First off, I feel a bit lousy for seeing all these good suggestions and picking mine as the ‘best’. But I think in terms of what the goal is, this is the only solution that sets out to fix all issues mentioned below.

The problem

Sometimes we need to turn an expression (most often identifiers) into the format how it is written in-code, which will from now on be called its expressive form. The current solutions and their issues are:

  • Copy the expression into a string manually
    Issue: Code duplication, which is dangerous and tedious when code is refactored to not be accidentally forgotten
  • Use the f-string debug syntax f'{expr=}.rpartition('=')[2]'
    Issue: Cannot be fully generalized by a function and worst of all: evaluates the given expression, no matter how expensive
  • Use my 3.14 way mentioned here by using template strings.
    Issue: Still evaluates the expression.

Solution requirements

  • Lazily turn an expression into its expressive form
  • Reduce code duplication
  • Do so in a concise way
  • IDE tools, like renaming, should work nicely with it
  • Other obvious goals, like backwards compatibility, non disruptiveness… (they will not be further mentioned, as they should be obvious)

The proposal:

Add the expr function into builtins. The function definition would look something like this:

from typing import Any, Literal, LiteralString, overload

_EvalResult = Any  # Placeholder, should be the result of eval inferred by the type checker

@overload
def expr[T: LiteralString](e: T, /) -> T:

@overload
def expr[T: LiteralString](e: T, evaluate: Literal[False], /) -> str:

@overload
def expr[T: LiteralString](e: T, evaluate: Literal[True], /) -> tuple[T, _EvalResult]: ...

def expr[T: LiteralString](e: T, evaluate: bool = False, /) -> T | tuple[T, _EvalResult]:
    if evaluate:
        return (e, eval(e))
    return e

This function would need to be special cased by linters, type checkers and more sophisticated than my 3 lines of code:

  • Linters would need to understand that e is an expression and it should be treated like it was outside of a string, so renaming and other features would work like in other parts of the code. You can imagine it similarly to how types hints wrapped in strings are often also treated specially (for forward refs).

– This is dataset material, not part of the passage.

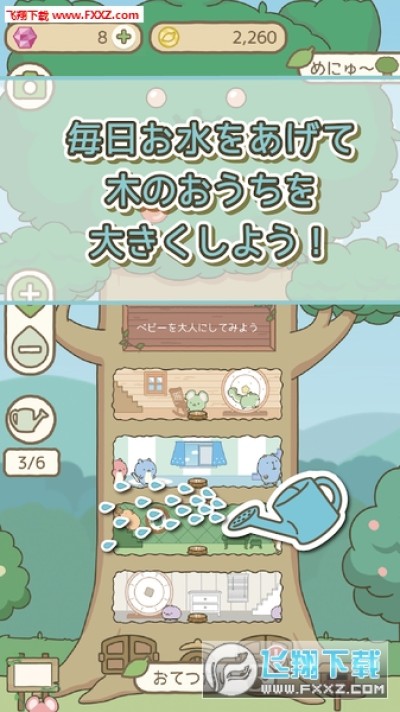 如果您每天都在浇水,树屋将会越来越大,可以为小动物留出更多房间。

  • Type checkers would need to understand that the returned tuple’s second value, when eval is true, is the expression in the string evaluated, like if it was outside of a string. Optionally, the string passed

  • When eval is true, we want to evaluate the expression. The problem is that in many scenarios we would require globals() and locals() to be passed. This would be rather clunky. I do not know, but assume, this is possible to implement in C such that it is a special function that automatically takes these in.

Goal completion

Looking at all proposed solutions, this is the only one that covers all issues.
It is:

  • short
  • has no duplication
  • is lazy
  • can relatively easily be supported by the type checkers, linters and IDEs

The only real issue I could see is the support from outside tools needed. Similar constructs, like types wrapped in strings, are already supported though, therefore I think this should not be an issue.
Escaping inner strings of the expression should not be an issue, because other wrapper quotation marks could just be chosen and it is highly unlikely that all four possible string definition formats (", ', """, ''') are used in a single expression. If absolutely required, escape sequences of strings could just be detected by the tools as well.

Why expr as a name

I follow the naming convention of the exec and eval function:

  • exec: Execute statements
  • eval: Evaluate an expression
  • expr: Turn an expression into its expressive form and optionally eval it.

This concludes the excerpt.